Я лечу по лестнице и бросаюсь к ней в объятия. Она ловит меня с возгласом «Детка моя любимая, какая ты стала взрослая», сажает к себе на колени и целует в лоб, щеки, нос, глаза и подбородок. «Мы можем наконец сесть за стол, Кристина? — спрашивает бабушка. — Уже час тридцать пять. Если подождем еще чуть-чуть, окорок окончательно пересохнет», — а мама смотрит мне прямо в глаза и шепчет: «Как поживает моя сладкая Сэди? » — и я отвечаю: «Хорошо», — а бабушка сдергивает меня с маминых колен и плюхает на стул, и тогда дедушка, махнув электрическим ножом, отпускает свою вечную шуточку о Джеке Потрошителе.

Самое чудесное в моей маме не ее красота, а то, что она излучает обаяние. Так сказал однажды мамин друг Джек, и я запомнила, потому что это чистая правда.
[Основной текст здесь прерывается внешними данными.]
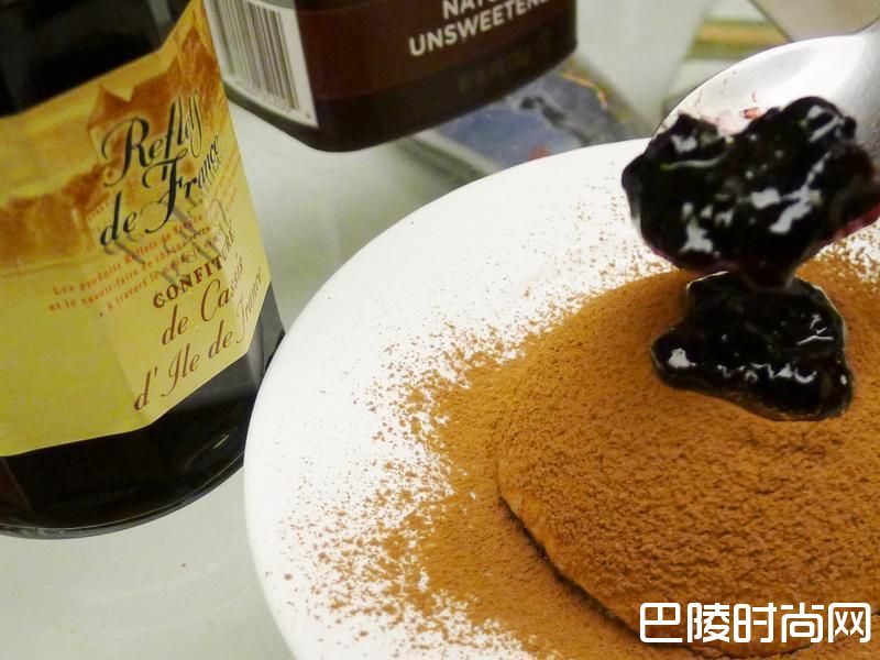 12表层洒些许可可粉,顶端淋上法国Reflets de France黑醋栗果酱,或步骤7的黑巧克力糊

Мама одета во все черное (бабушка наверняка считает этот цвет неподобающим для Пасхи), на ней обтягивающие брюки и свитер, из всех украшений — розовый шарф и серебряные серьги-кольца. Мама не накрашена, у нее обычная прическа, но она улыбается, ее голубые глаза блестят, и я вдруг понимаю, что вот она — моя мамочка, а ведь люди, как правило, не там, где они есть, они думают о тысяче разных вещей, но не о вас и не  о том, что может случиться за одно короткое мгновение.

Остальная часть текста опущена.